Exercise aim:
Among the entries below, find the line with "インゲン豆の発芽条件の実験結", then quote it and each following line up to and including the line with "Capacity – 228", and nothing else.

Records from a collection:
▽
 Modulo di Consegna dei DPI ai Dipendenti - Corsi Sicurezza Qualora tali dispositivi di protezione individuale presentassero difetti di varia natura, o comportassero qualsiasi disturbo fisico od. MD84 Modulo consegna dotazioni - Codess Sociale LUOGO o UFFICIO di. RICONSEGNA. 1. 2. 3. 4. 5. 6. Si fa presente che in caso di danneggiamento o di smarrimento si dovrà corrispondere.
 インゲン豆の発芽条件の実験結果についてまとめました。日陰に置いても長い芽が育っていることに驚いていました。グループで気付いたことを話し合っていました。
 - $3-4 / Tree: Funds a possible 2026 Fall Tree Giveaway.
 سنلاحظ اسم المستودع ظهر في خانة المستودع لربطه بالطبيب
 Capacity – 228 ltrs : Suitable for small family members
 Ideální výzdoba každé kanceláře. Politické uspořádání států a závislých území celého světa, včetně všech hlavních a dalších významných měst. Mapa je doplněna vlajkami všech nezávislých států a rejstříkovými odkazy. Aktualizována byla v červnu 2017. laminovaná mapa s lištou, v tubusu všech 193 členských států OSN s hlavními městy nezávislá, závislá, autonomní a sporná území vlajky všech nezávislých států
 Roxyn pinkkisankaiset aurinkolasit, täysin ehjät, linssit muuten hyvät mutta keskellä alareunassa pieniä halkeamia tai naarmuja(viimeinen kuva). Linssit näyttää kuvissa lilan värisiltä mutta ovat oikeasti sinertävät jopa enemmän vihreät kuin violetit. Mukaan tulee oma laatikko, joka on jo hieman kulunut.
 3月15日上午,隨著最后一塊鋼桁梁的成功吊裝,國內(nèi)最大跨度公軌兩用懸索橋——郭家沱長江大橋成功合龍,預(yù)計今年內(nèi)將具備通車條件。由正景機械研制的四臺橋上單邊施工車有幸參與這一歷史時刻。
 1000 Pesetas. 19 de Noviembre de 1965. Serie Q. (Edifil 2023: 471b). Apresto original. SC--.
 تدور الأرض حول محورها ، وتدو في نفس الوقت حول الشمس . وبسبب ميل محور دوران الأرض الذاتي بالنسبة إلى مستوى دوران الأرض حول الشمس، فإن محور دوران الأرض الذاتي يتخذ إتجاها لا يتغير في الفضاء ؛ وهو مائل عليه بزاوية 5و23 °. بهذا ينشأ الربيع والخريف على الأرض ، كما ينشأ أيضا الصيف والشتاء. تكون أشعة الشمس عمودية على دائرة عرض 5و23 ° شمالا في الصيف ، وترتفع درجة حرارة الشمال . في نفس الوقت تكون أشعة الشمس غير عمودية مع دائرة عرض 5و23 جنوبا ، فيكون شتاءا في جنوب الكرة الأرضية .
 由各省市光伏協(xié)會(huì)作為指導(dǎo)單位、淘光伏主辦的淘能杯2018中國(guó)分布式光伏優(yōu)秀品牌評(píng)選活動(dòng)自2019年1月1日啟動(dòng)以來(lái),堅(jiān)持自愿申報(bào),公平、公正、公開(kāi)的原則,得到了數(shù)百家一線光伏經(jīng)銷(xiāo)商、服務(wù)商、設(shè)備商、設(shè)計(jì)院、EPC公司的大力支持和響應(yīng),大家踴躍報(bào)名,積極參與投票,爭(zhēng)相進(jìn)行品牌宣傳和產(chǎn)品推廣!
△
Result below:
 インゲン豆の発芽条件の実験結果についてまとめました。日陰に置いても長い芽が育っていることに驚いていました。グループで気付いたことを話し合っていました。
 - $3-4 / Tree: Funds a possible 2026 Fall Tree Giveaway.
 سنلاحظ اسم المستودع ظهر في خانة المستودع لربطه بالطبيب
 Capacity – 228 ltrs : Suitable for small family members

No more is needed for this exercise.